Laboratory studies of infant-directed speech, from which this picture has arisen, have typically contrasted productions by a mother addressing her own infant versus the same mother addressing an unfamiliar adult (often the experimenter). This approach has enabled researchers to collect well-controlled clear audio recordings of infant- and adult-directed speech. However, the speech the mother directs to an unfamiliar experimenter encountered in a laboratory setting may not be representative of the speech the mother would direct to other more familiar adults commonly encountered in the child's everyday environment. In addition, the child's typical environment may also often include multiple simultaneous interlocutors, forcing the child to separate overlapping speech streams to extract useful linguistic information from spoken input. Some of the properties of infant-directed speech mentioned in the preceding text have also been studied in more naturalistic recordings made in the home, whereby most of these naturalistic recordings with children under a year have involved dense recordings with a single child (e.g., Ref. 8). Such dense corpora are highly useful but do not readily allow researchers to assess generalizability or to examine the relationship between different types of caregiver input and children's developing language skills.
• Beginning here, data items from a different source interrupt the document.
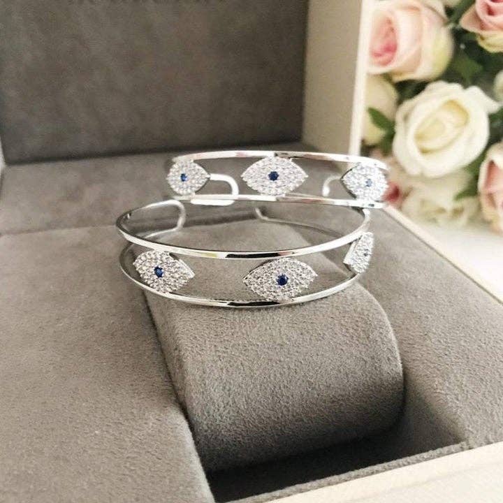 This artisan-crafted cuff Bangle features two faceted Blue Topaz Quartz, beautifully set at each end of a Sterling Silver twisted rope band. The caps are enhanced with Balinese scrollwork, adding depth and traditional detailing. A versatile wholesale piece, this Bangle blends brilliance with timeless silver artistry, making it an attractive choice for retailers and bulk buyrs. * Material : 925 Sterling Silver * Stone : Blue Topaz Quartz * Lock : Hinge Lock * Finish : Polished with oxidized detailing for contrast * Style : Artisan / Elegant / Classic / Bohemian * Origin : Handcrafted in Bali, Indonesia
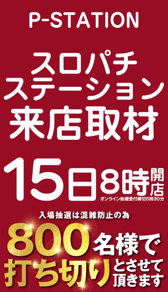 <スロパチステーション来店取材>明日15日 8時OPEN!
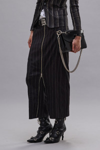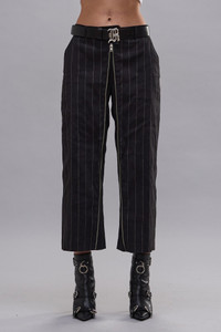 Trouser pant featuring a zip between the legs for flexible styling. DETAILS Made in Italy Color: Black Silver Pinstripe 78% Linen, 17% Polyamide, 5% Elastane R13WR575-R716A
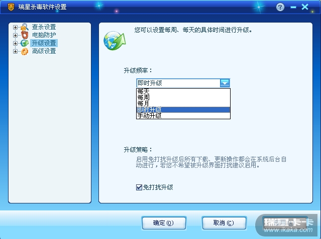 即时升级是你们的升级网站升级后让用户及时进行软件升级,是不是?应该是吧,因为我昨晚玩网游时卡了以下,然后发现右下角的任务栏处有瑞星的图标在动.
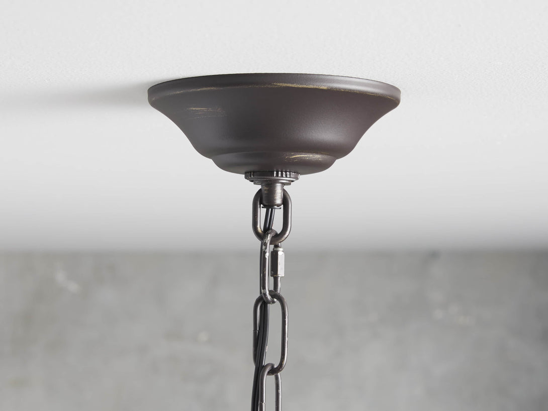 - Iron cage frame features an antiqued metallic finish complemented by Italian crystal spheres.
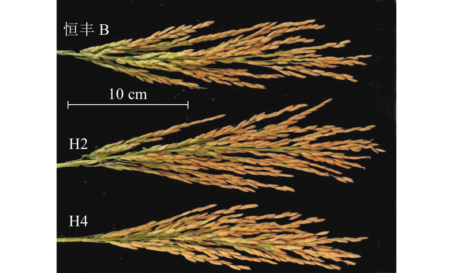 图 4 ‘恒丰B’及其后代改良株系H2和H4穗型对比 Fig. 4 Panicles of ‘Hengfeng B’ and its genetically improved line,H2 and H4 |
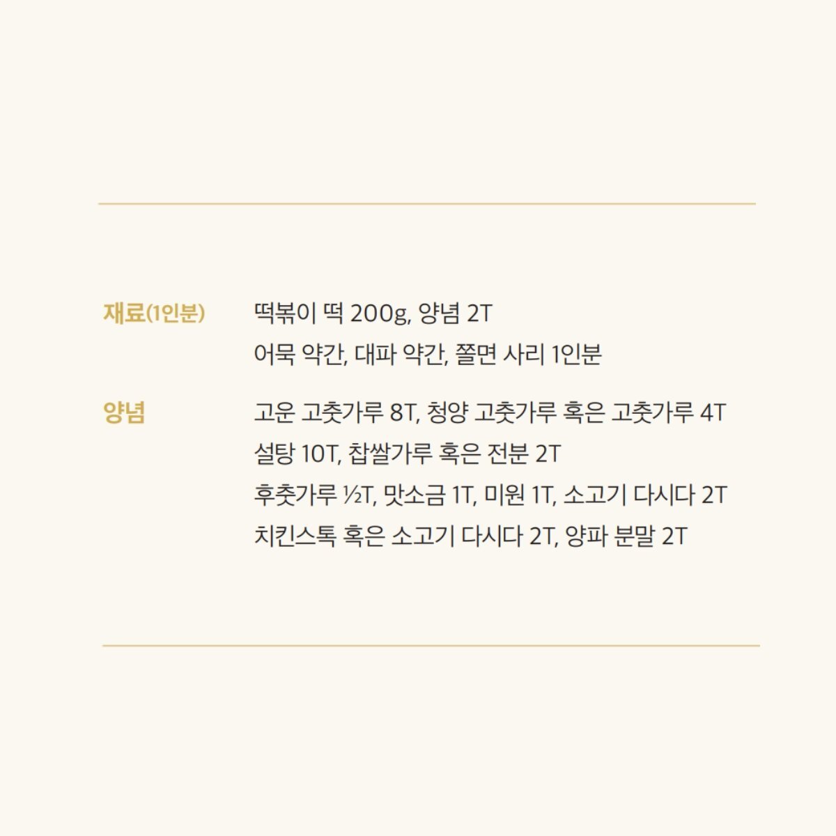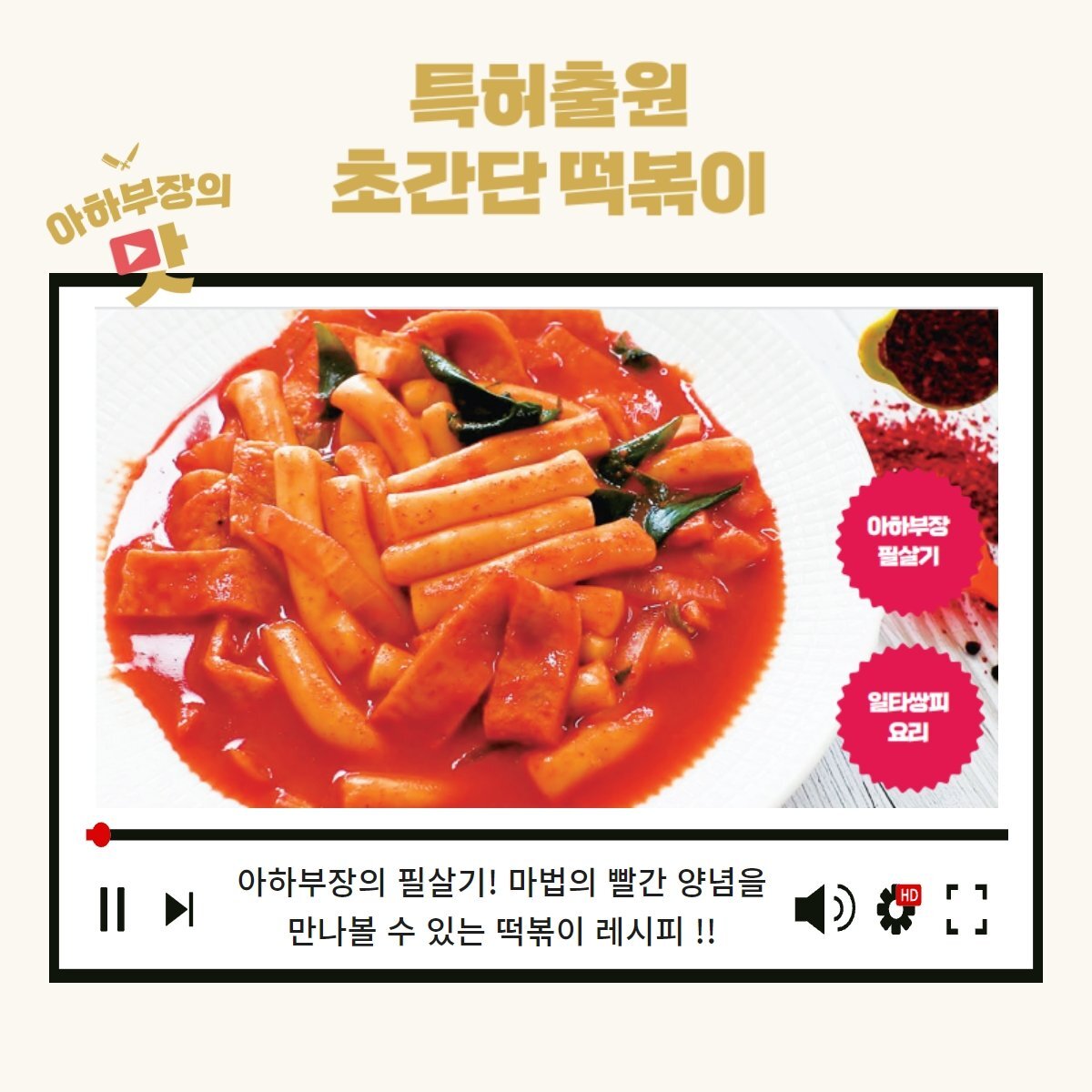 | 《아하부장의 맛》#1 특허출원 초간단 떡볶이 레시피 대공개! 아하부장의 필살기, ‘마법의 빨간 양념’을 만나볼 수 있는 레시피입니다! 이 양념만 있다면 특별한 재료 없이도 떡볶이를 라면보다 쉽게, 유명 떡볶이 전문점보다 더 맛있게 만들 수 있습니다. 재료 레시피 넉넉하게 만들어 닭볶음탕, 제육볶음 등 다양한 요리에 활용해보세요. ● 입자가 곱고 색깔이 예쁜 태양초 고춧가루를 사용하면 요리의 완성도가 높아집니다. ● 물의 양에 따라 국물 떡볶이로도, 자작한 떡볶이로도 즐길 수 있으니 취향에 따라 요리해보세요. ※ 오늘의 레시피는 유튜브 조회순으로 뽑은아하부장 인기 요리 TOP 100 《아하부장의 맛》을 발췌해 제작했습니다. |

That is, existing corpora tend to be naturalistic but less generalizable or generalizable but less naturalistic.
In this report, we describe an extensive new corpus that (a) involves recordings of input provided (to 28 Dutch-learning infants) at the very onset of the natural word-teaching period, namely just before the first birthday; (b) involves speech from multiple caregivers interacting with the infant together as well as speech between caregiver(s) and experimenter; (c) includes a video record from two separate angles to avoid loss of relevant data; and (d) also compares teaching of words from different word classes (noun, proper name, verb, adjective).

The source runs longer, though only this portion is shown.